Nuit Blanche: Part 1: Videos of the UC Berkeley Conference: "From Data to Knowledge: Machine-Learning with Real-time and Streaming Applications"

Thursday, May 10, 2012

Part 1: Videos of the UC Berkeley Conference: "From Data to Knowledge: Machine-Learning with Real-time and Streaming Applications"

Here is the first series of videos from the UC Berkeley Conference: From Data to Knowledge: Machine-Learning with Real-time and Streaming Applications (May 7-11, 2012). Congratulations to the local Organizing committee: Joshua Bloom, Damian Eads, Berian James, Peter Nugent, John Rice, Joseph Richards and Dan Starr for making the meeting happen and putting it all on videos for others to learn from. (in near real time!).The titles of the talks are linked to the presentation slides. The full program which ends tomorrow is here.. All the videos are here: Part 1, Part 2, Part 3, Part 4, Part 5.

From Data to Knowledge - 101 - Welcome and Introduction

From Data to Knowledge - 103 - Damian Eads

Damian Eads: "BigRF: New Software for Learning Random Forests". A video from the UC Berkeley Conference: From Data to Knowledge: Machine-Learning with Real-time and Streaming Applications (May 7-11, 2012).

From Data to Knowledge - 104 - Yan Liu

Yan Liu: "Sparse-GEV: Sparse Latent Space Model for Multivariate Extreme Value Time Series Modeling". A video from the UC Berkeley Conference: From Data to Knowledge: Machine-Learning with Real-time and Streaming Applications (May 7-11, 2012).
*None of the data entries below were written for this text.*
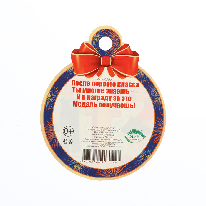 Свидетельство "Первокласснику!" канцелярия, бумага, А4
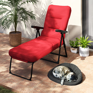 Outsunny Outdoor Lounge Chair with Padded Cushion, Folding Reclining Patio Garden Chair with Recline Back, Footrest, for Poolside, Patio, Blue
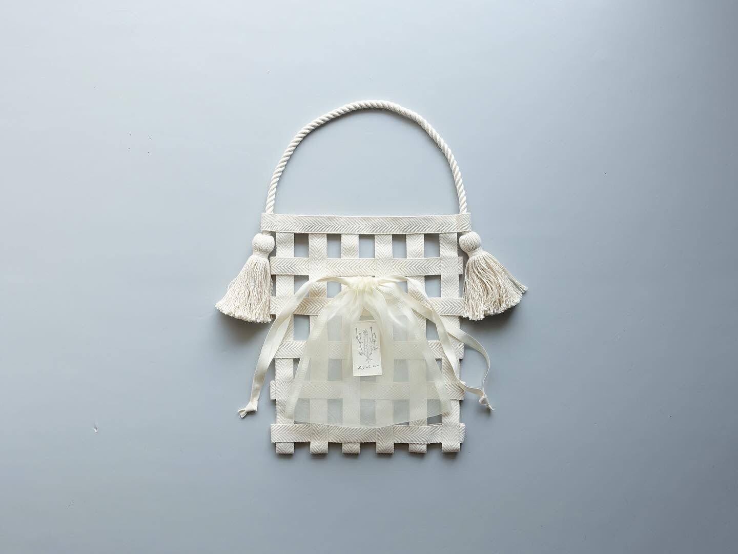こちらのバッグにぴったりサイズでお作りしたインナーバッグならぬインナー巾着や、バッグ自体の透け感を活かしたシルクオーガンジーの巾着など、単体でも使いやすいサイズ感のベーシックでシンプルな巾着もぜひ一緒にご覧ください。
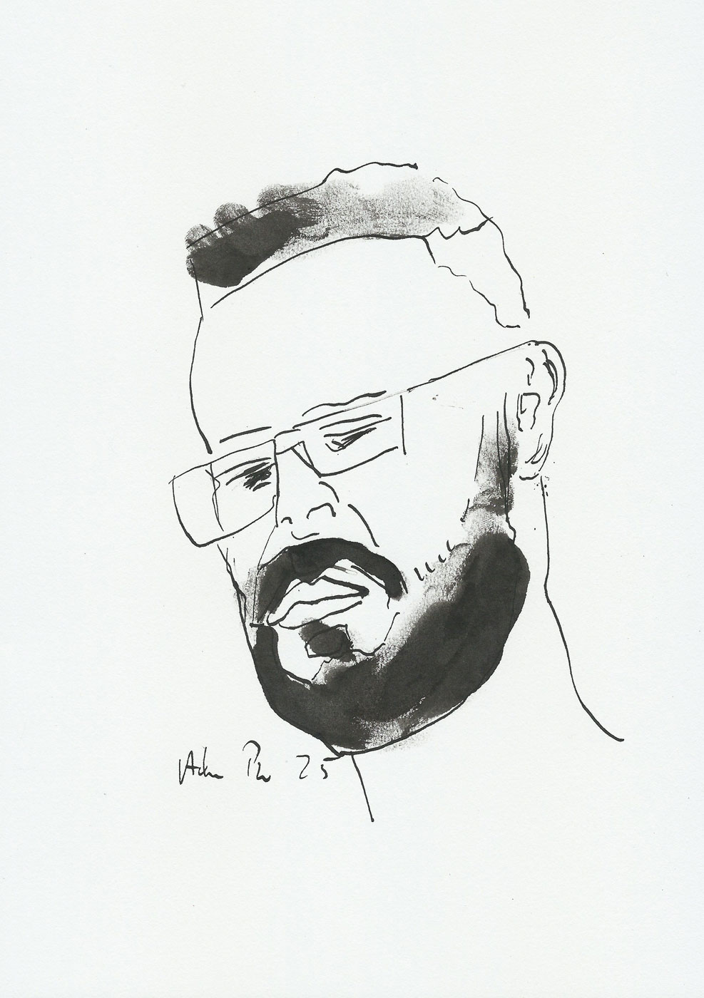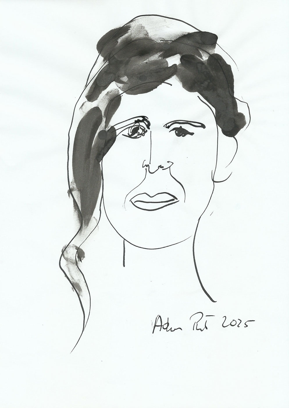 Wystawa „Kolor-Biały-Czarny” liczy 30 prac wykonanych na papierze A4. Wszystkie powstały w 2025 r. Są to portrety, czyli ten rodzaj sztuki, którą zajmuję się od 40 lat.
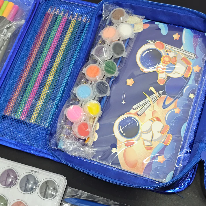 Complete 125-piece art kit with crayons, markers, pencils, glitter & more
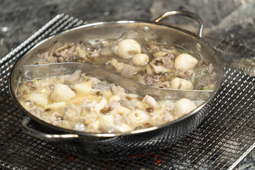 - 醤油ベース:かつおだし、牛肉、里芋、ごぼう、舞茸、こんにゃく、長葱
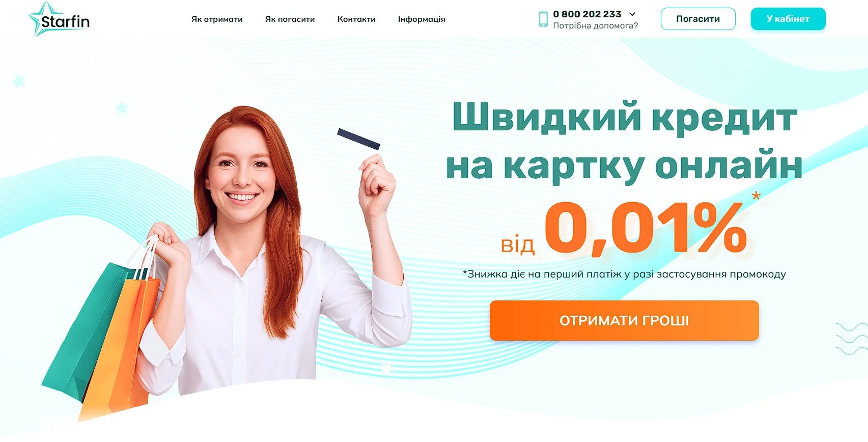 - Сервіс Starfin працює 24/7 без вихідних та святкових днів. У будь-який зручний час позичальник може зайти на сайт та подати заявку на кредит онлайн.
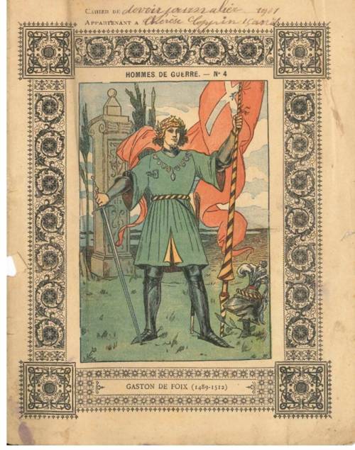 Couverture n° 4 Gaston de Foix. Chromolithographie sur papier épais beige. Frise florale grise… cahier de devoir journalier appartenant à Thérèse Copprin. Au dos, texte signé Edgar Zévort

Abstract Yan Liu (University of Southern California, CS) In many applications of time series models, such as climate analysis or social media analysis, we are often interested in extreme events, such as heatwave, wind gust, and burst of topics. These time series data usually exhibit a heavy-tailed distribution rather than a normal distribution. This poses great challenges to existing approaches due to the signicantly different assumptions on the data distributions and the lack of sufficient past data on extreme events. In this talk, we propose the Sparse-GEV model, a latent state model based on the theory of extreme value modeling to automatically learn sparse temporal dependence and make predictions. Our model is theoretically significant because it is among the first models to learn sparse temporal dependencies among multivariate extreme value time series. We demonstrate the superior performance of our algorithm compared with state-of-art methods, including Granger causality, copula approach, and transfer entropy, on one synthetic dataset, one climate dataset and two Twitter datasets.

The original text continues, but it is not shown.